The (1066) Leipian 類篇 is a Chinese dictionary compiled by Song dynasty (960–1279) lexicographers under the supervision of chancellor Sima Guang. It contains 31,319 character head entries, more than twice as many as the 12,158 in the (c. 543) Yupian, and included many new characters created during the Tang (618–907) and Song dynasties. Leipian entries are arranged by a 544-radical system adapted from the 540 radicals of the classic (121) Shuowen Jiezi.

==Text==
The dictionary title combines two common Chinese words: lèi 類 " category; kind; type; class" and piān 篇 "piece of writing; sheet (of paper); chapter". Piān 篇, written with the "bamboo radical" ⺮ and biǎn 扁 "flat" phonetic, originally meant "bamboo slip (for writing)", comparable with biān 編 "weave; organize; compile" with the "silk radical" 糸—seen in the (1726) Pianzi leipian 駢字類編 "Classified Collection of Phrases and Literary Allusions" dictionary title.

English translations include Dictionary of Character Sounds, Collection of Categorized Characters, The Classified Chapters, and The Categories Book.

The Leipian text consists of 15 books (册), each subdivided into 3 parts, for a total of 45 volumes (卷). The 31,319 character head entries are organized by a 544-radical system. Each entry gives the character in Small Seal Script (following the Shuowen jiezi format), the pronunciation in the fanqie system, definition, and exegesis. The Leipian also notes variant characters, alternate pronunciations, and multiple meanings.

==History==
Emperor Renzong of Song (r. 1022–1063) commissioned the Leipian character dictionary project in 1039 and it was completed in 1066. There were four chief editors, three of whom died before completing the dictionary: Wang Zhu 王洙 (997–1057), Hu Xiu 胡宿 (995–1067), Zhang Cili 張次立 (1010–1063), and Fan Zhen 范鎮 (1007–1088).
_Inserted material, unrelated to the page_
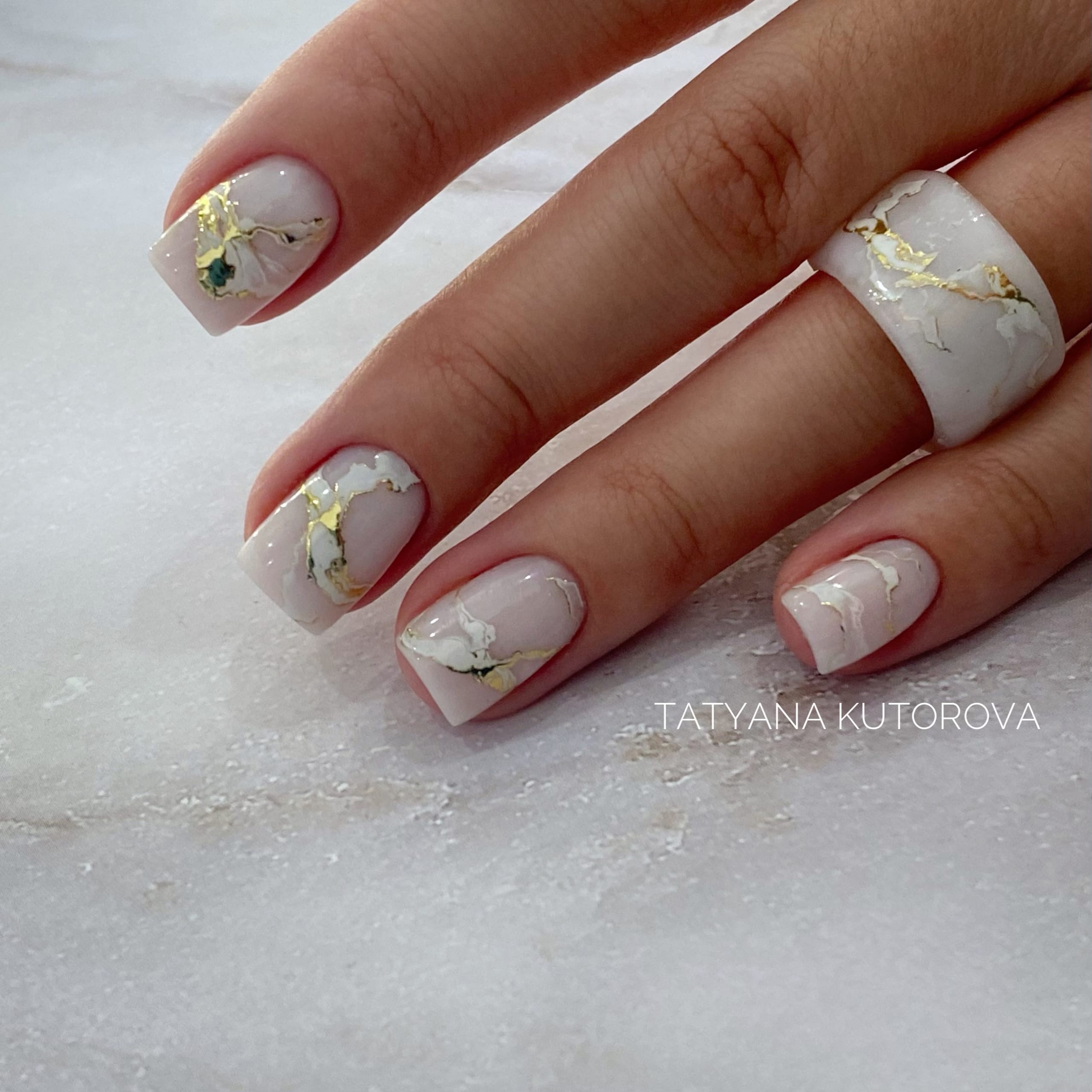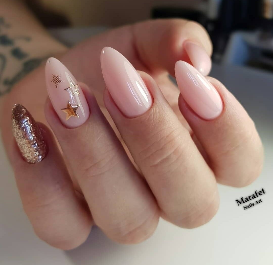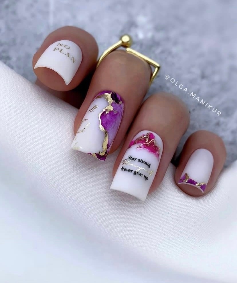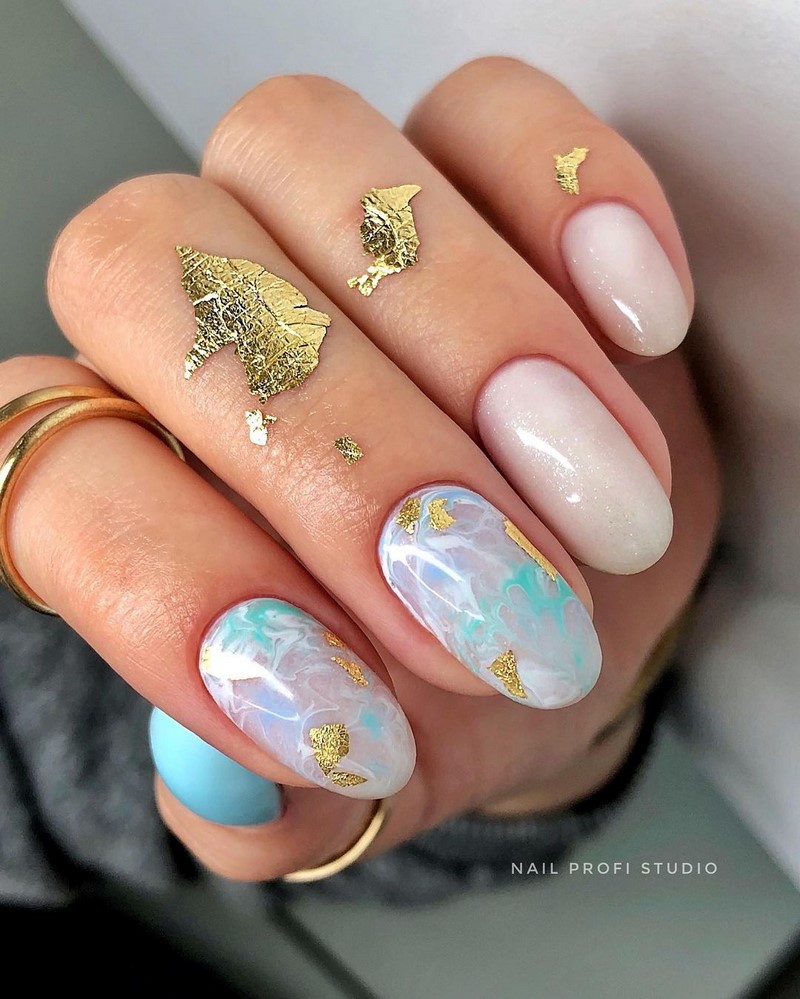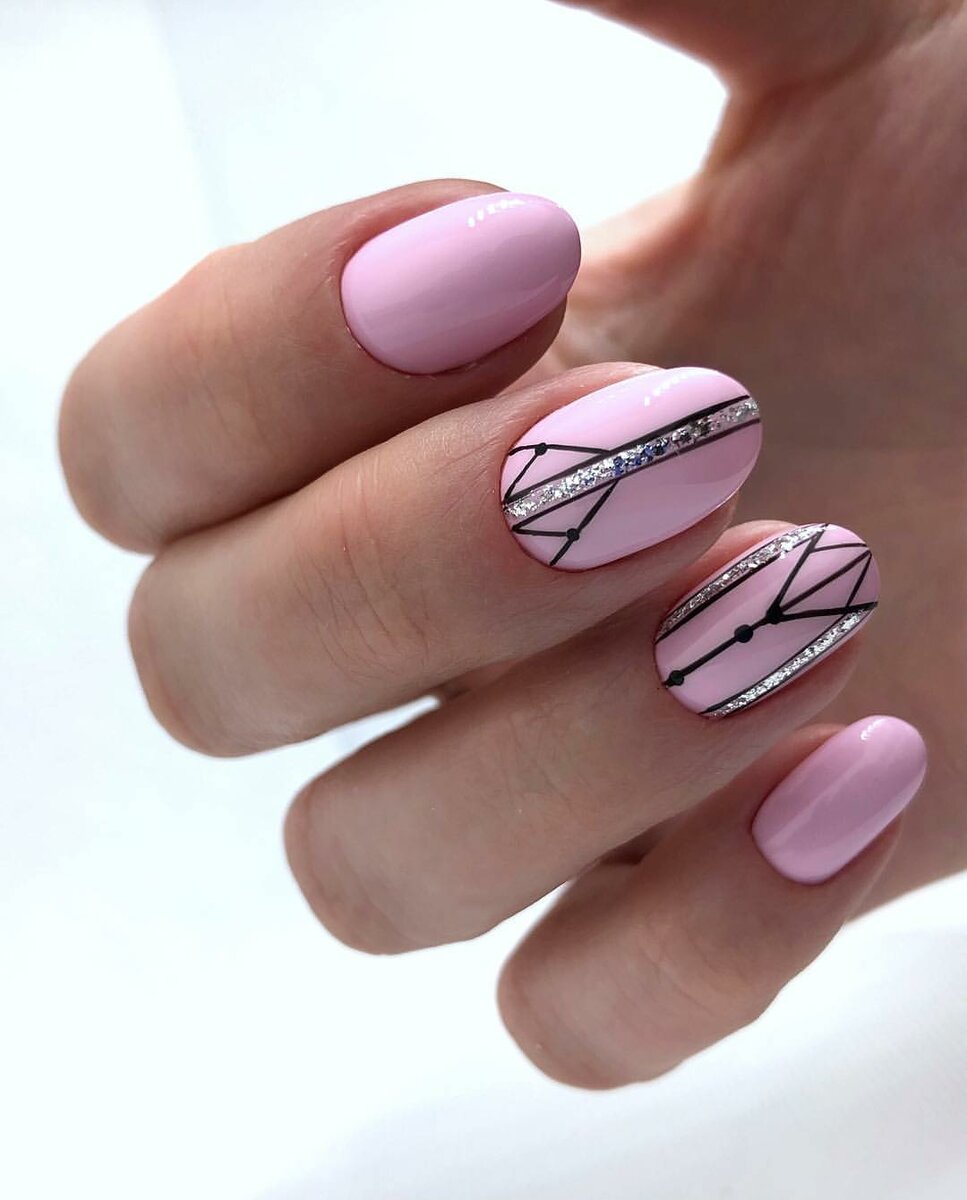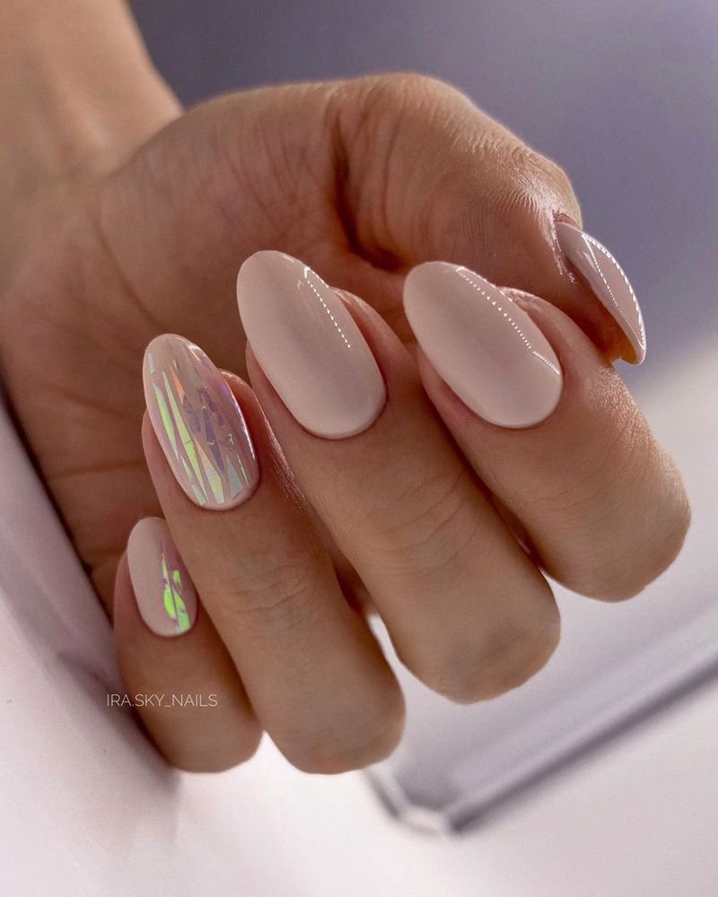 Хороший вариант добавить к маникюру в июле блеска. Но не яркого, а сдержанного и стильного. Отлично смотрится молочная база с мазками фольги и рисунком в технике стемпинг.

Emperor Renzong also ordered the compilation of the (1037) Jiyun, which was a phonologically arranged rime dictionary intended to complement the Leipian character dictionary. The Leipian Preface says all phonetically related characters are included in the Jiyun while all formally related ones are included in the Leipian.

The historian and chancellor Sima Guang (1019–1086) carried out the final editing on the expanded Jiyun and the Leipian, and in 1067, he submitted the printed versions of both dictionaries to Emperor Yingzong of Song (r. 1063–1067). At that time, the Jiyun and Leipian were the most complete reference works in the history of Chinese lexicography.